Thursday, January 9, 2013. Sunny, very cold yesterday in New York. I had an Indian cabdriver, a young guy from Mumbai who’s been in this country for three years. He asked me “how long” would the cold last; he’s still not used to it. I think he was hoping I’d say, til tomorrow (who knows?). Having grown up in New England and having gone to college Down Maine where the snow piled very high every winter and the daily temp might be below zero for days, I must admit I’m used to it. But of course you never really get used to it. The only relief is to be somewhere warm.
Ice floating up the Hudson River. Photos: JH.
Ice on the ground.
Yesterday, being Wednesday was the Michael’s lunch and that place was hot – although with the crowd coming and going through the front door, there was a frequent gust of frigid air that approached my table a few times.

I took this picture of part of the room hoping to catch a sense of the mayhem (an exaggeration but still applicable) going on. I didn’t succeed because there’s no Noise Factor. The place gets as crowded on other days, but there is something about Wednesdays that makes me think of “Animal House” (another exaggeration but ...); i.e., the noise. People talking. People are always getting up from their tables and going over to other tables to talk. And there’s a lot of noise, what the adults used to call, when I was a kid, “a lot of racket.”
Michael's Wednesday lunch.
My guess is the main source of the racket yesterday was the presence of the peripatetic Dr. Mehmet Oz who was at Table One with his wife Lisa Oz, and a lot of other people, specifically Diane Clehane and Hearst executives, as the doctor is launching a magazine under the Hearst banner called Dr. Oz The Good Life. Oz was up and about quite a bit. That’s him, the taller man in the dark suit standing in front of the David Hockney print talking to another man.

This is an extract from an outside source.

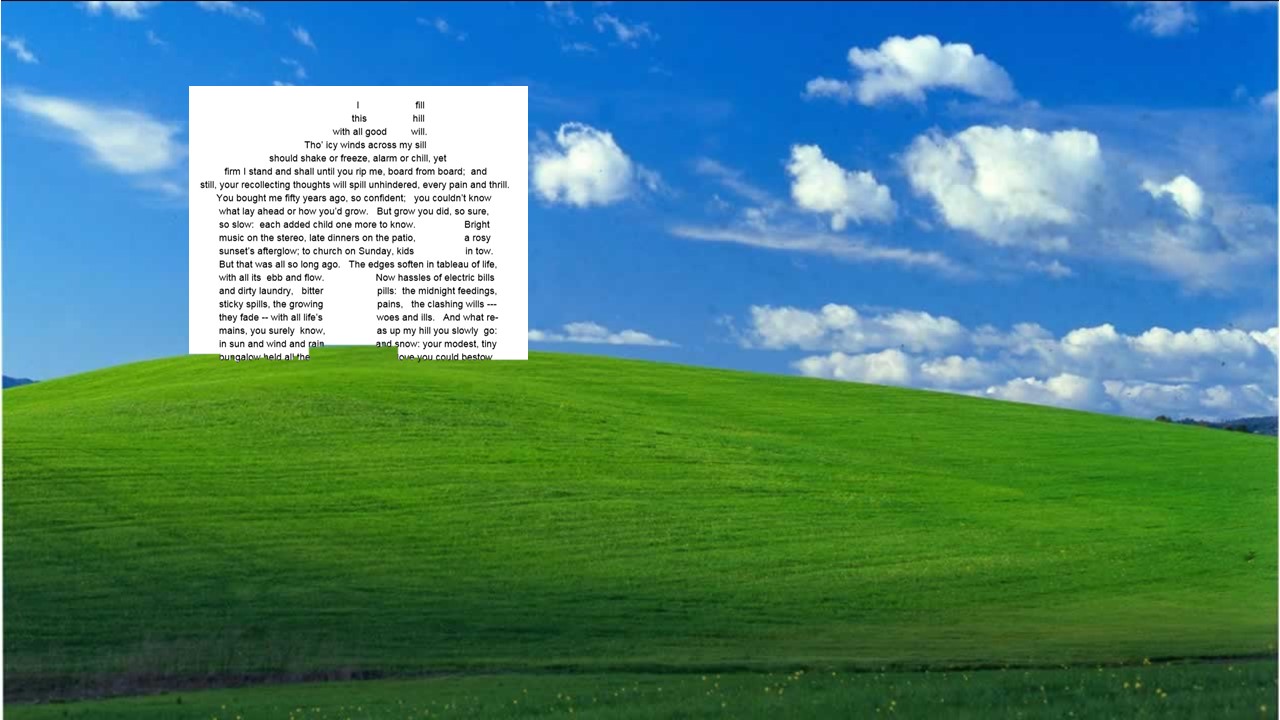 Thank you, Evan, for creatively superimposing my “house” onto that green hill in the photograph. Very nice!

1. Michael Mailer 2. Ellen Levine and Dr. Gerry Imber 3. Michael Kramer, Andrew Bergman, and Jerry Della Femina 4. Alice Mayhew 5. Joan Hamburg with friends.
The guy seated at the table next to him is Michael Mailer, film producer and son of the late Norman. Michael is working on a web series called "Ivy League Crimelords" with none other than JH's cousin, Jon Friedman, and Michael Della Femina, son of Jerry Della Femina (uhuh, the same Jerry Della Femina two paragraphs down). The show is about three middle-age friends from Harvard, Yale and Princeton (Mailer, Friedman, and Della Femina) who create a fictitious mob leader in order to shake down the industry and get their TV show made. It is very funny and fun (and smart). See for yourself: ivyleaguecrimelords.tv.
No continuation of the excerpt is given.